Task statement: Entries below include pictures. Output exactly the lines from the one with "행정사9회 기출문제 부담부증여시" down to the one with "Fotografi från låda", both ends included, and leave the pictures out.

Record set:
————————

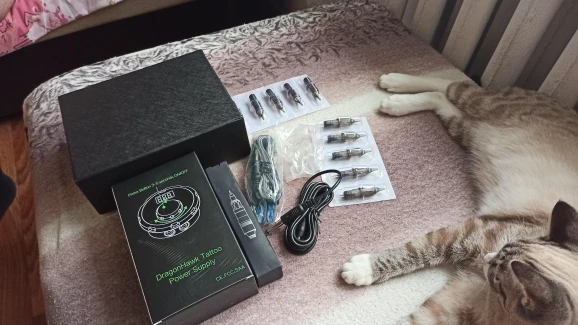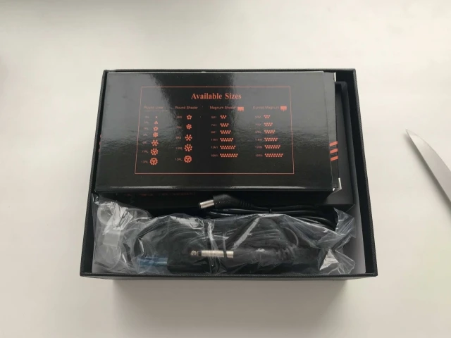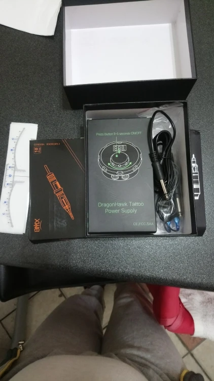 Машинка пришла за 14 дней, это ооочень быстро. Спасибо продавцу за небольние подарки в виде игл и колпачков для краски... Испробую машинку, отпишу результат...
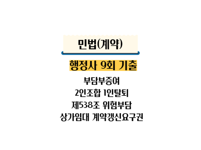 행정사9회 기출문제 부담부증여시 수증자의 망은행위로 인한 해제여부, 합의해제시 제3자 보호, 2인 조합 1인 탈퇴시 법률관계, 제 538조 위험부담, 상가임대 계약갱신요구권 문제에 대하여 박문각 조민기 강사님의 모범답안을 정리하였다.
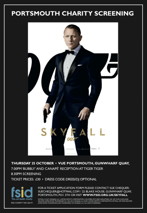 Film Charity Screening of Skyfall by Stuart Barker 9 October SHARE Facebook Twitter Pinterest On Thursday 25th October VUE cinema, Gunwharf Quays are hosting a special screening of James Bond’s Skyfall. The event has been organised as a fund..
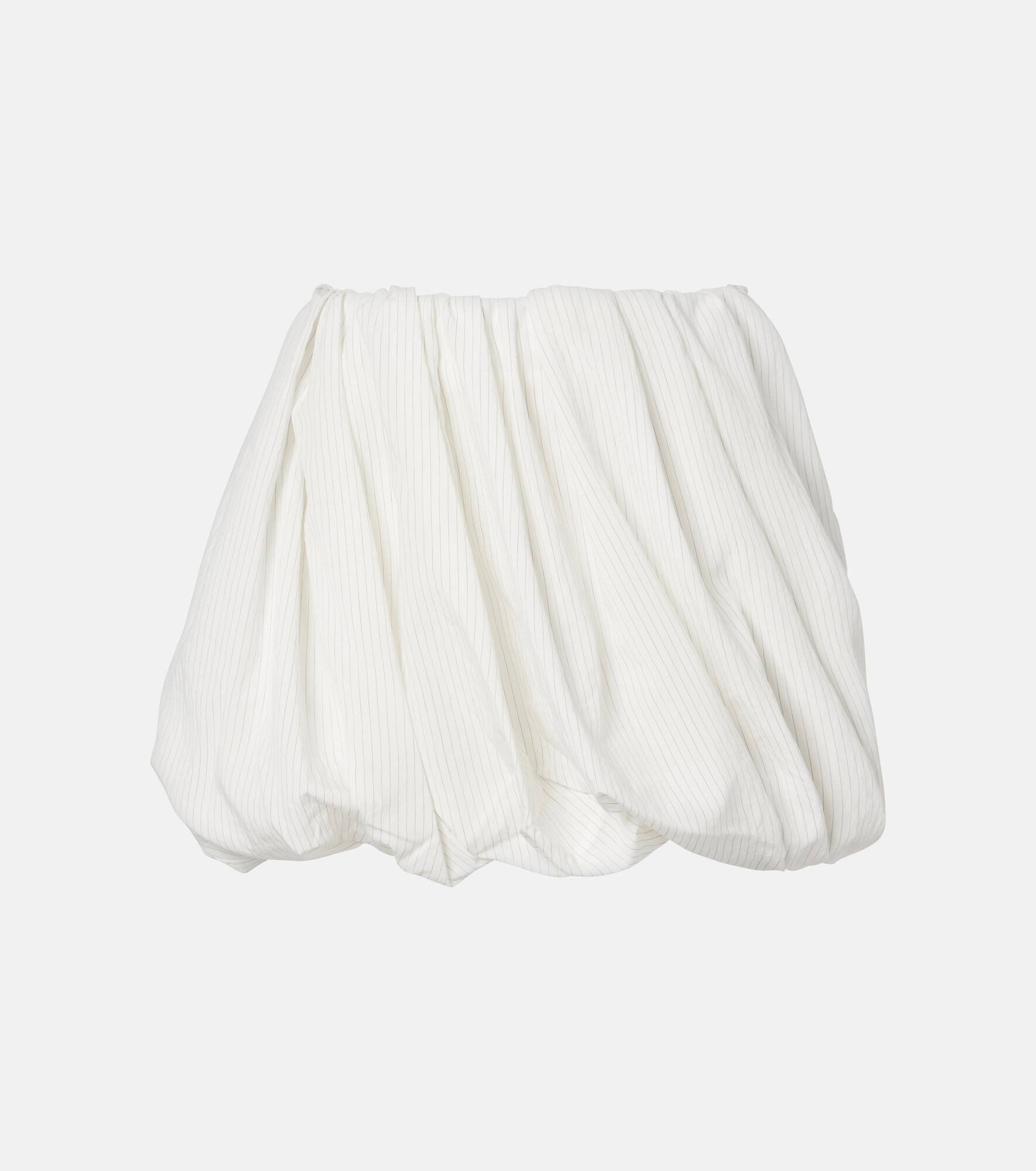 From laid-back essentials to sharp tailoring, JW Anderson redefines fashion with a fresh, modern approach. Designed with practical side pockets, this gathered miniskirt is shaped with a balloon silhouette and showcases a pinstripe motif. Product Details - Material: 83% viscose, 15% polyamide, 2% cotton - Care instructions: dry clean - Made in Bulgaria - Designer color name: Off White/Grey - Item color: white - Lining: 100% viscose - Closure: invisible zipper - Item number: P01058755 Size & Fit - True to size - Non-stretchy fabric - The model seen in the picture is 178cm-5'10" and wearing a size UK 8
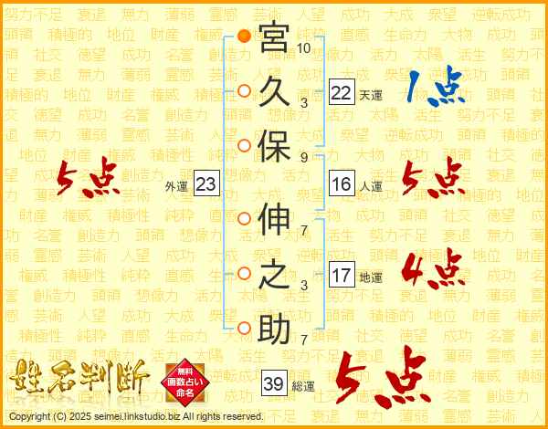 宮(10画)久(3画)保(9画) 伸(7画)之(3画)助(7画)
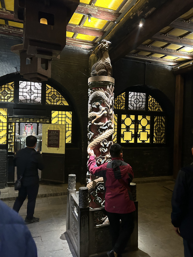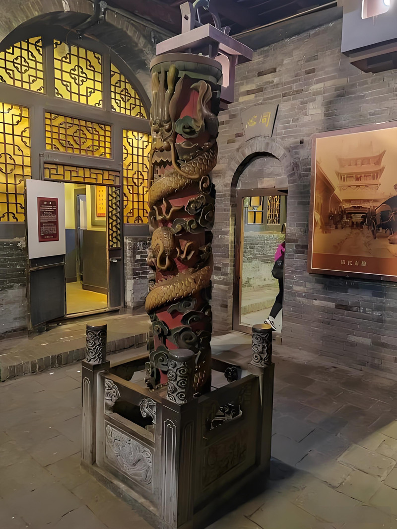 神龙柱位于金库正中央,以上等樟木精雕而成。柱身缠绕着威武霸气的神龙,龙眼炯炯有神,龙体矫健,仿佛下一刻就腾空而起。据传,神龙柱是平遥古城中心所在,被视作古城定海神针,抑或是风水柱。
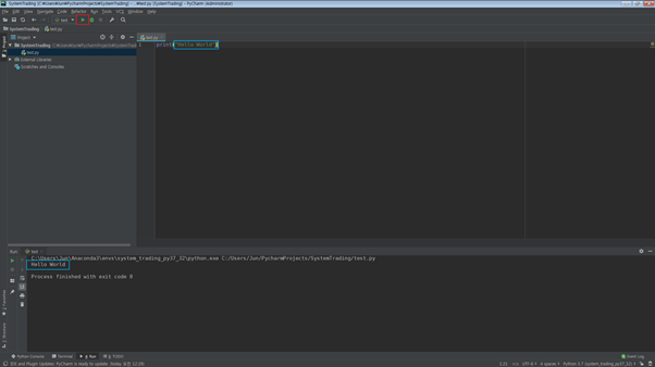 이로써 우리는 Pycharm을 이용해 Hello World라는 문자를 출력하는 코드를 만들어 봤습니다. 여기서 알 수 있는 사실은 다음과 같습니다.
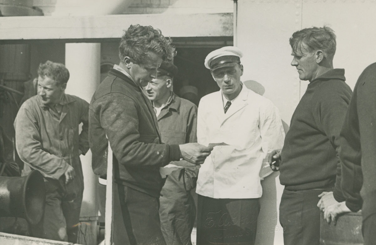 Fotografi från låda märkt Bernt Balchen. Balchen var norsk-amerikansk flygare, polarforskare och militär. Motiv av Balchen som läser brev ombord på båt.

————————

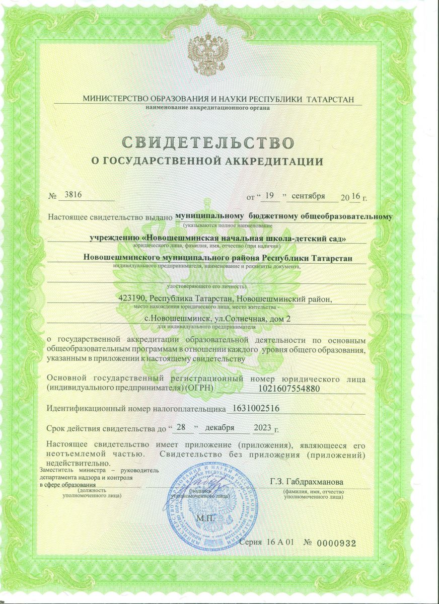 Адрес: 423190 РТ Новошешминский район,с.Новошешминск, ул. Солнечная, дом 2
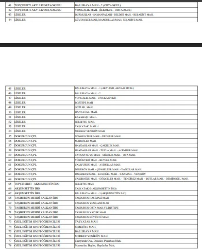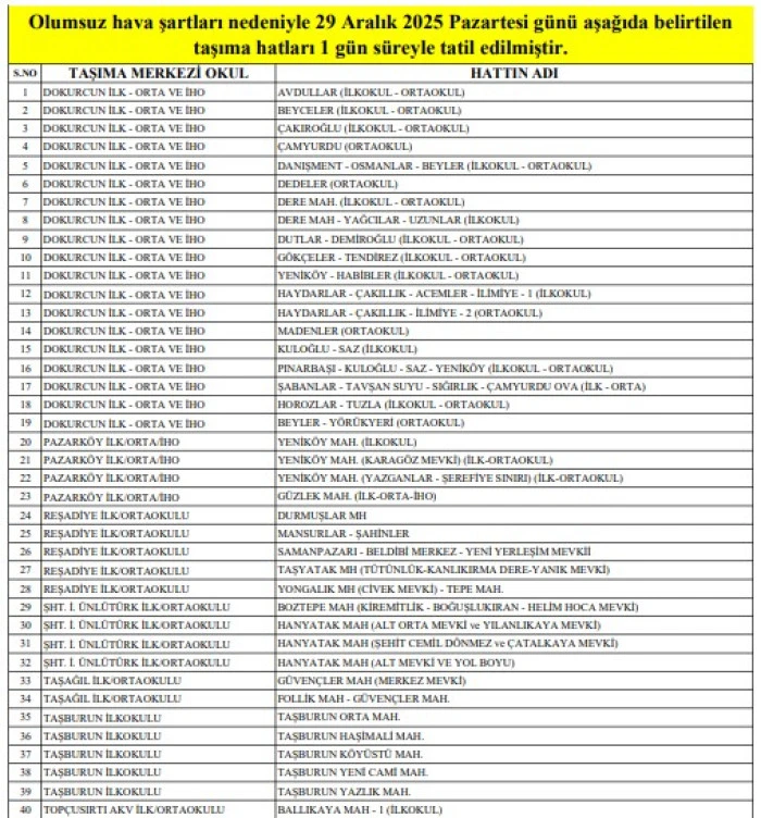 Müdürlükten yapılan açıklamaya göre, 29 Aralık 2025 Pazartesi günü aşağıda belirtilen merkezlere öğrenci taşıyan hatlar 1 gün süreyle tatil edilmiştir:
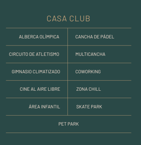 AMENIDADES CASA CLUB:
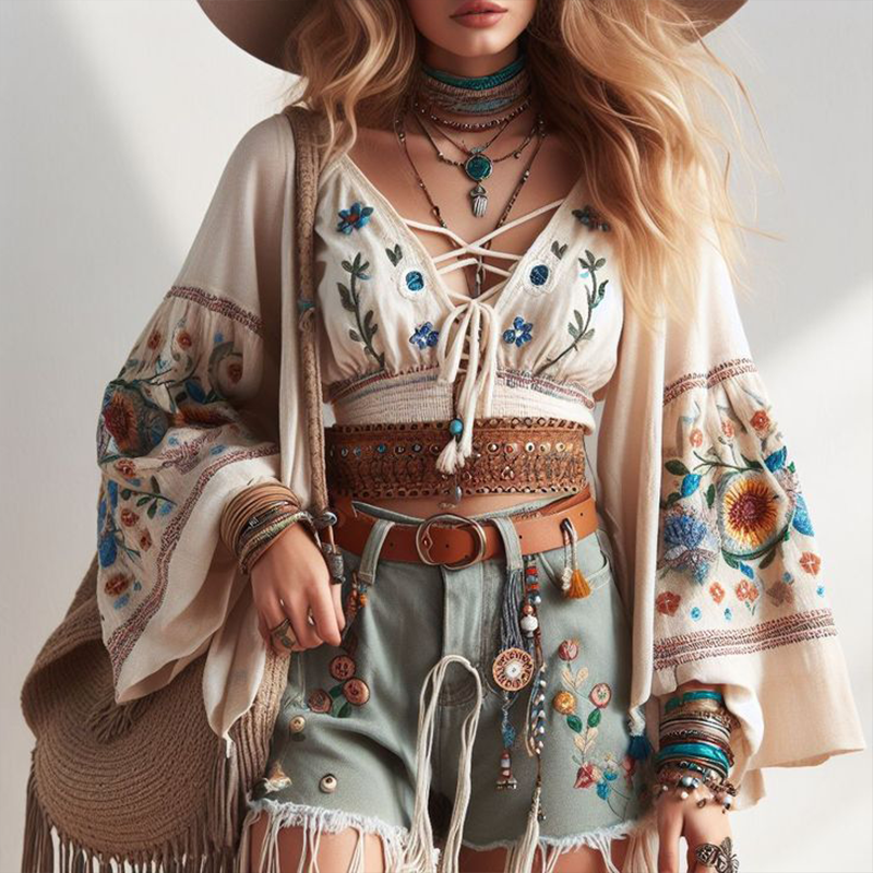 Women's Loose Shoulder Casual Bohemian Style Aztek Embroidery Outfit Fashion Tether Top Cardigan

————————

Solved exercise:
 행정사9회 기출문제 부담부증여시 수증자의 망은행위로 인한 해제여부, 합의해제시 제3자 보호, 2인 조합 1인 탈퇴시 법률관계, 제 538조 위험부담, 상가임대 계약갱신요구권 문제에 대하여 박문각 조민기 강사님의 모범답안을 정리하였다.
 Film Charity Screening of Skyfall by Stuart Barker 9 October SHARE Facebook Twitter Pinterest On Thursday 25th October VUE cinema, Gunwharf Quays are hosting a special screening of James Bond’s Skyfall. The event has been organised as a fund..
 From laid-back essentials to sharp tailoring, JW Anderson redefines fashion with a fresh, modern approach. Designed with practical side pockets, this gathered miniskirt is shaped with a balloon silhouette and showcases a pinstripe motif. Product Details - Material: 83% viscose, 15% polyamide, 2% cotton - Care instructions: dry clean - Made in Bulgaria - Designer color name: Off White/Grey - Item color: white - Lining: 100% viscose - Closure: invisible zipper - Item number: P01058755 Size & Fit - True to size - Non-stretchy fabric - The model seen in the picture is 178cm-5'10" and wearing a size UK 8
 宮(10画)久(3画)保(9画) 伸(7画)之(3画)助(7画)
 神龙柱位于金库正中央,以上等樟木精雕而成。柱身缠绕着威武霸气的神龙,龙眼炯炯有神,龙体矫健,仿佛下一刻就腾空而起。据传,神龙柱是平遥古城中心所在,被视作古城定海神针,抑或是风水柱。
 이로써 우리는 Pycharm을 이용해 Hello World라는 문자를 출력하는 코드를 만들어 봤습니다. 여기서 알 수 있는 사실은 다음과 같습니다.
 Fotografi från låda märkt Bernt Balchen. Balchen var norsk-amerikansk flygare, polarforskare och militär. Motiv av Balchen som läser brev ombord på båt.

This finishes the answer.